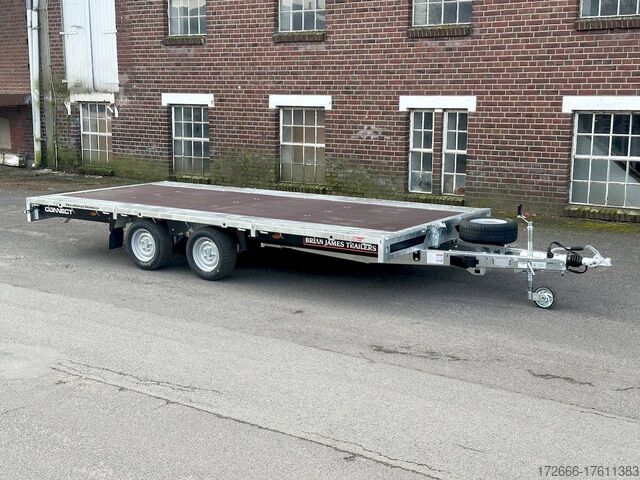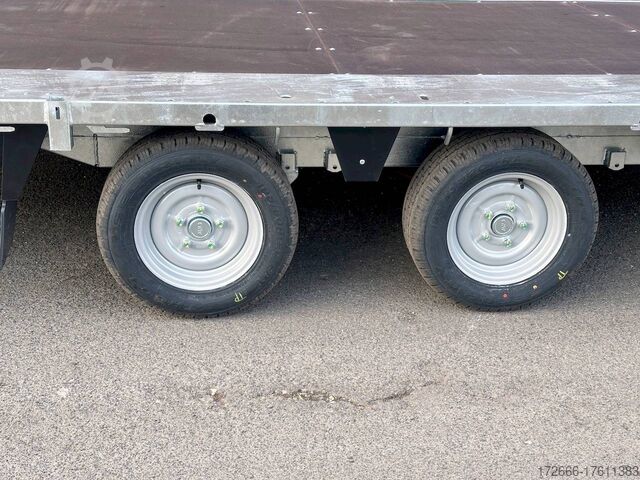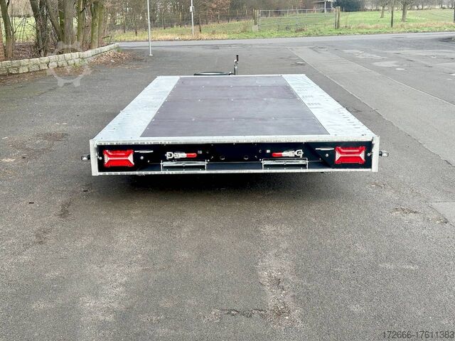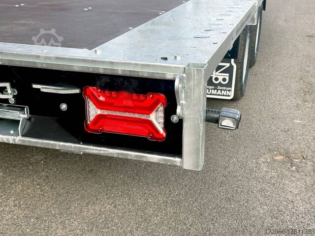 Automatic reverse drive, drive-on ramp, tiltable loading area, hot-dip galvanizing, drive-on ramps / multifunctional trailer / ramp shaft / preparation for tipping function / perforated lashing floor, * IMMEDIATELY AVAILABLE * Drive-on ramps / multifunctional trailer / ramp shaft / preparation for tipping function / perforated lashing floor TECHNICAL DATA - Make: Brian James - Model: Connect 476 - Vehicle type: High loader - Vehicle condition: New vehicle - Initial registration: Without initial registration - TÜV/HU: 2 years from initial registration - Internal dimensions (LxWxH): 450 x 213 x 0 cm - External dimensions (LxWxH): 620 x 215 x 80 cm - Loading height of floor: 65 cm - Perm. Total weight: 3,500 kg - Unladen weight: 834 kg - Payload: 2,666 kg - Chassis: High loader (wheels under the body) - Tyres: 195/60R12C - Chassis: ALKO rubber suspension axle - Support wheel: Yes - 100 km/h approval: Optional, can be retrofitted DESCRIPTION - Most adaptable multifunctional trailer for commercial goods and vehicle transport of all kinds. - Every available option can be flexibly attached or detached and thus enables customization for almost any application - Perforated steel lashing floor in combination with 18 mm multiplex floor offers high slip resistance and is extremely wear-resistant, even under the toughest operating conditions. - Can be plugged in at all 4 corners for drop sides, tarpaulin frames, drop side attachments or front wall elevation - Vehicle can also be fitted with all options after purchase: enormous potential for retrofitting: hydraulic tipping functions, winches, ramps etc. can be retrofitted at any time. can be retrofitted at any time - very sturdy welded steel frame - contact edge for drive-on ramps can be moved for different track widths - numerous lashing points punched directly into the frame enable professional load securing - integrated ramp shafts - high-quality perforated steel ramps, galvanized, L=2.35m, the pair - side panels color: black - frame cpl. Sturdy net hooks under the loading area - Spare wheel mounted on the drawbar for easy access - Automatic reverse - ALKO overrun device and parking brake - Cast steel coupling head with integrated ALKO high-security lock - Very stable V-drawbar REINFORCED - 13-pin plug - Reversing lights - Large LED safety lighting - Complete LED lighting: Extremely bright, durable and reliable. - dynamic LED indicators are clearly visible even in bad weather - robust protection for the rear lights - integrated rear fog light - various front, side and rear marker lights - heavy-duty support wheel - 5-year chassis warranty Accessories can be retrofitted - please enquire! - Tipping function - Storage box - Drop sides - Winches - Attachments New vehicle with warranty and TÜV. We are happy to offer you suitable financing !, Descriptions and pictures are protected by copyright !!! Over 800 trailers immediately available for you! We are for over 30 years Brian James / Humbaur / Hapert / Unsinn / Cheval Liberte / Koch / Debon / Stedele / TPV / Tohaco / Vezeko / Variant / Vlemmix - specialized dealer & repair - workshop - delivery Germany-wide with surcharge possible! Anhänger Zentrum BAUMANN GmbH Dinxperloer Str. 389 46399 Bocholt - Errors, omissions and prior sale excepted -
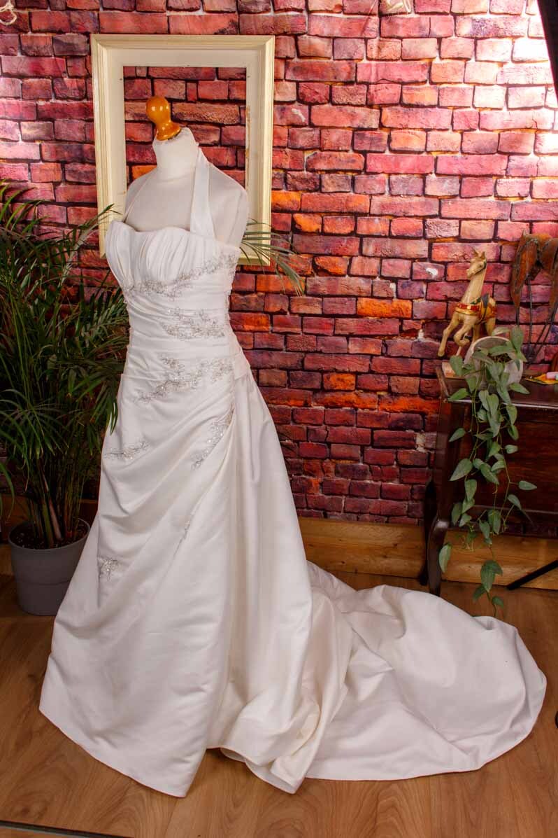 robe de mariée romantique en satin (duchesse) mat et chatoyant blanc crème discrètement décoré de perles et de dentelle, dos nu, fermeture éclair dans le dos.
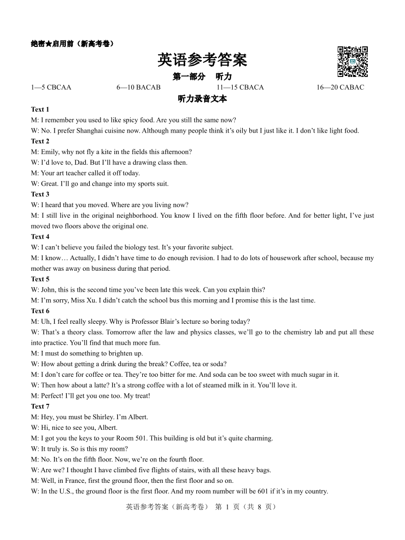 名校教研联盟2024届高三上学期开学考试 英语参考答案
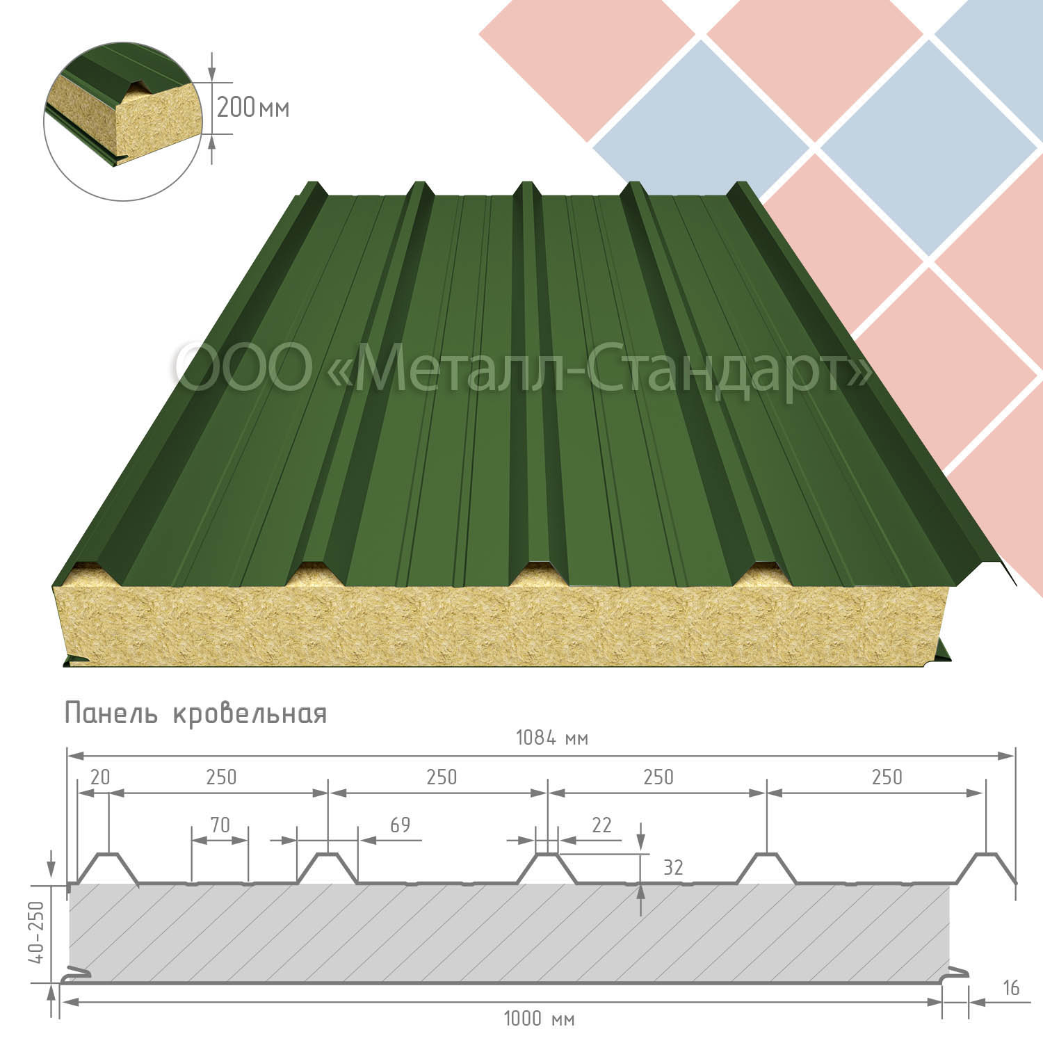 Кровельная сэндвич-панель 200 мм утеплитель пенополистирол RAL 6025 Папоротниково-зелёный
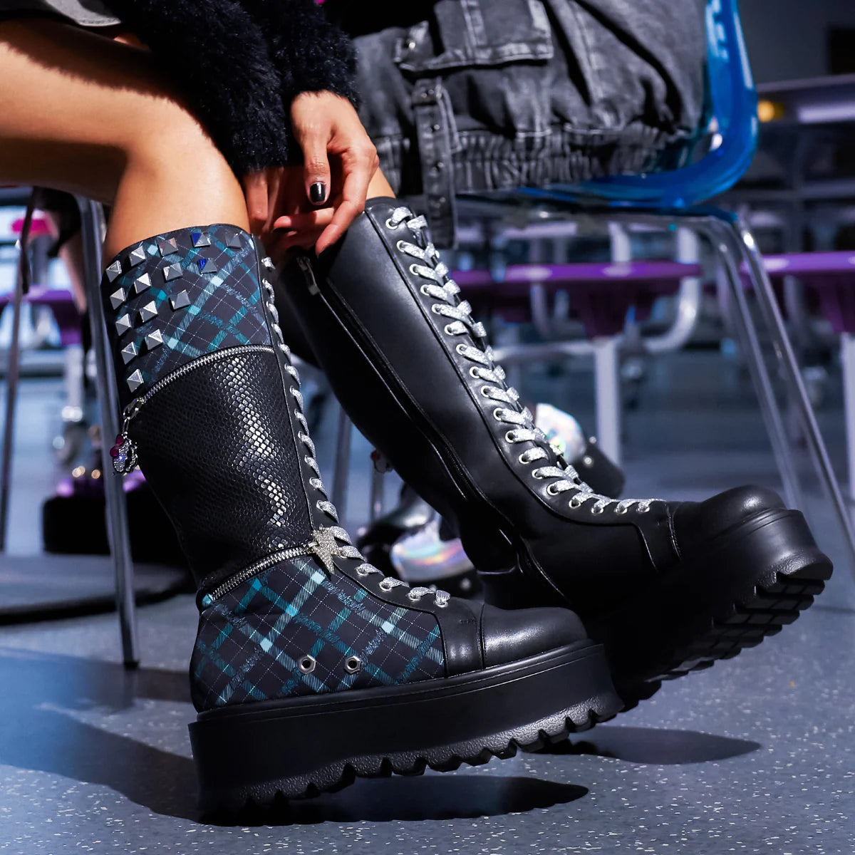 - Les bottes à plateforme longues Frankie Stein Firecracker sont conçues pour ajuster fidèlement à la taille. D’après des retours réels, ta taille régulière devrait être parfaite.
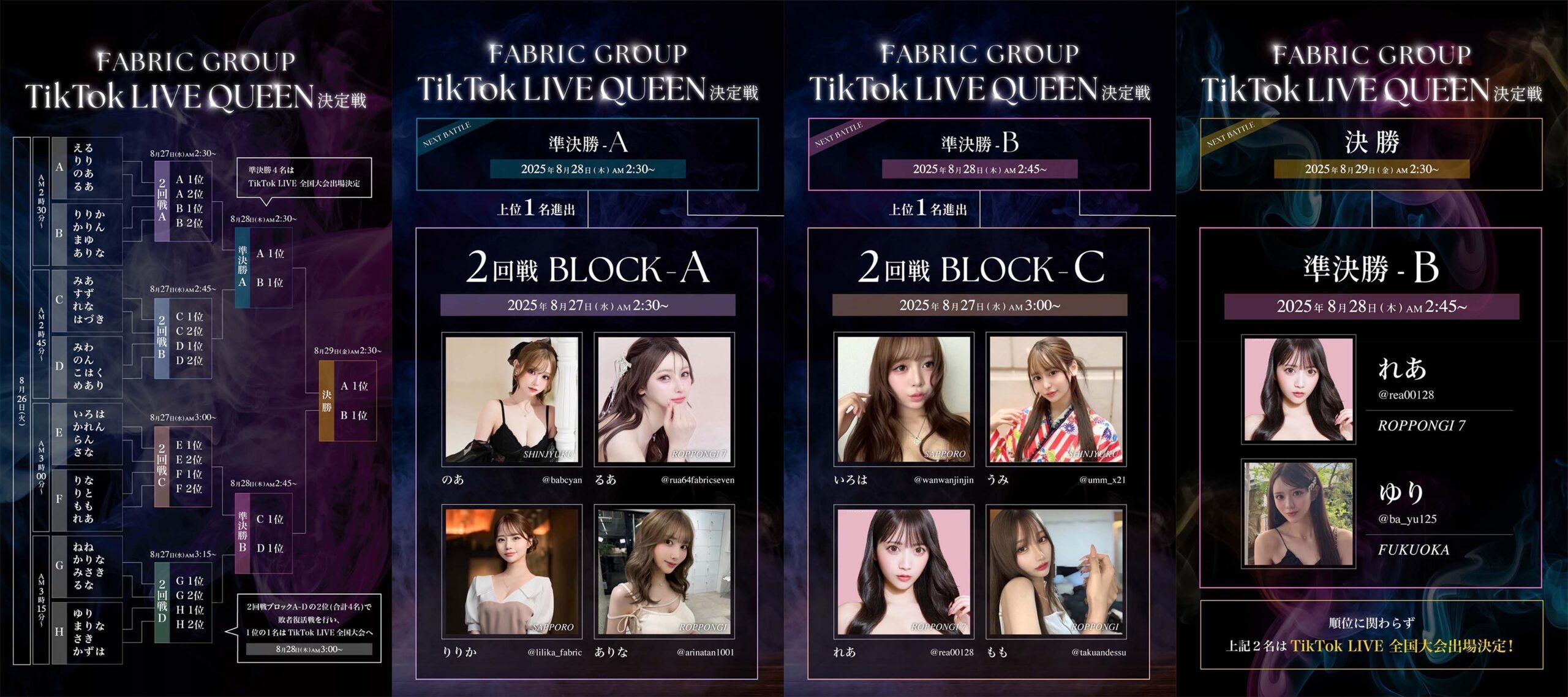 8/26〜8/29、TikTok LIVE のライブクイーンを決定する「FABRIC GROUP TikTok LIVE QUEEN決定戦」が開催されました。

◆ ◆ ◆

**Required action**
Nothing but the lines from the one containing "robe de mariée" through the last line of the material may appear in the answer, transcribed exactly and with no pictures.

**Output below**
 robe de mariée romantique en satin (duchesse) mat et chatoyant blanc crème discrètement décoré de perles et de dentelle, dos nu, fermeture éclair dans le dos.
 名校教研联盟2024届高三上学期开学考试 英语参考答案
 Кровельная сэндвич-панель 200 мм утеплитель пенополистирол RAL 6025 Папоротниково-зелёный
 - Les bottes à plateforme longues Frankie Stein Firecracker sont conçues pour ajuster fidèlement à la taille. D’après des retours réels, ta taille régulière devrait être parfaite.
 8/26〜8/29、TikTok LIVE のライブクイーンを決定する「FABRIC GROUP TikTok LIVE QUEEN決定戦」が開催されました。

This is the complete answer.